1. A thermal energy storage composition having improved fire retardant properties comprising:
A) particles of organic phase change material (PCM),
B) particles of fire retarding magnesium hydroxide and/or aluminium hydroxide, and/or
C) magnesia cement,
in which the particles of (A) organic phase change material are distributed uniformly throughout particles of (B) magnesium hydroxide and/or aluminium hydroxide and/or throughout (C) magnesia cement.
2. A composition according to claim 1 in which the magnesia cement surrounds the particles of (A) organic phase change material and where included the particles of (B) magnesium hydroxide and/or aluminium hydroxide.
3. A composition according to claim 1 in which the phase change material is an organic, water insoluble substance that undergoes phase changes from solid to liquid and/or liquid to solid at temperatures of between 0 and 80° C.
4. A composition according to claim 1 in which the organic phase change material exists as freely dispersed particles, said organic phase change material being in direct contact with particles of (B) magnesium hydroxide and/or aluminium hydroxide and/or (C) magnesia cement.
5. A composition according to claim 1 in which the organic phase change material is encapsulated within a shell and in the form of capsule particles, said capsule particles being in direct contact with particles of (B) magnesium hydroxide and/or aluminium hydroxide and/or (C) magnesia cement.
6. A composition according to claim 1 in which the ratio of phase change material particles (A) to magnesium hydroxide and/or aluminium hydroxide particles (B) and/or magnesia cement (C) is 1:50 to 5:1.
7. A process of obtaining a thermal energy storage composition having improved fire retardant properties comprising:
A) particles of organic phase change material (PCM) which are in intimate association with,
B) particles of fire retarding magnesium hydroxide and/or aluminium hydroxide, and/or
C) magnesia cement,
in which the particles of (A) organic phase change material are distributed uniformly throughout particles of (B) magnesium hydroxide and/or aluminium hydroxide and/or throughout (C) magnesia cement,
comprising the steps of,
I) providing the particles of organic phase change material (A) as an aqueous emulsion, aqueous dispersion, aqueous paste, or dry powder,
II) combining component (A) provided in step (I) with the particles of magnesium hydroxide or aluminium hydroxide (B), said component (B) in the form of a dry powder, aqueous paste, or aqueous slurry and/or the ingredients required to form the magnesia cement (C).
8. A method imparting temperature regulation or storage of heat or cold in an article selected from the group consisting of fibres, fabrics, foams, heating and cooling devices and building materials by incorporation therein the composition according to claim 1.

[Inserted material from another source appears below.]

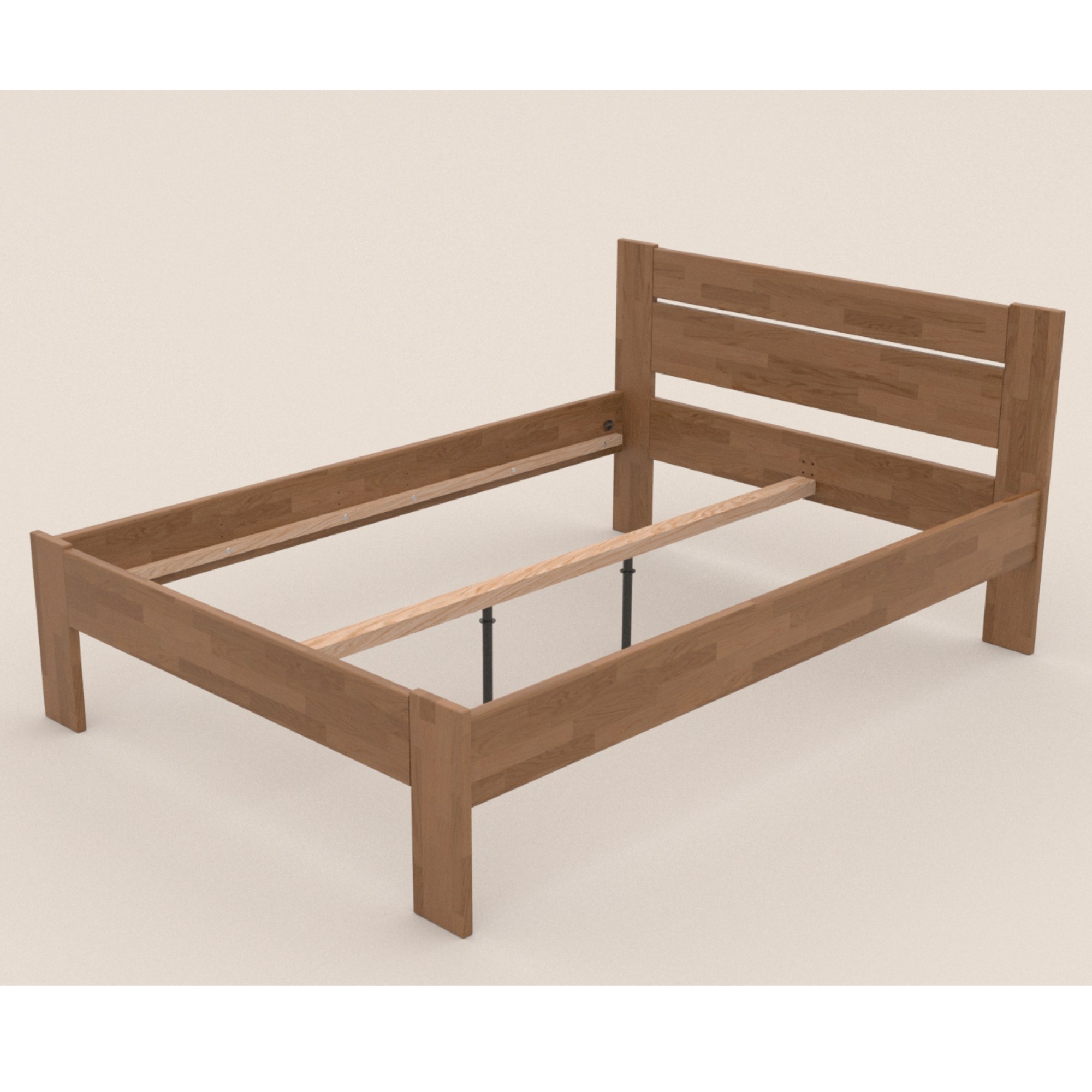 Postel je vyrobena z masivního bukového a dubového dřeva, zaleží jen na vás, jaký typ dřeva si vyberete. Masivní dřevo má vysokou nosnost, odolnost a je nenáročné na údržbu. Povrchová olejová úprava dřeva prodlužuje jeho životnost a zároveň poskytuje odolnost proti oděru. Tato úprava je oblíbená hlavně díky tomu, že škrábance nejsou na první pohled viditelné a hlubší stopy se dají odstranit čištěním a místní opravou. Tloušťka materiálu, ze kterého je postel vyrobena je 27 mm.

9. An article comprising a thermal energy storage composition having improved fire retardant properties, said heat storage composition comprising:
A) particles of organic phase change material (PCM) which are in intimate association with,
B) particles of fire retarding magnesium hydroxide and/or aluminium hydroxide, and/or
C) magnesia cement,
in which the particles of (A) organic phase change material are distributed uniformly throughout particles of (B) magnesium hydroxide and/or aluminium hydroxide and/or throughout (C) magnesia cement.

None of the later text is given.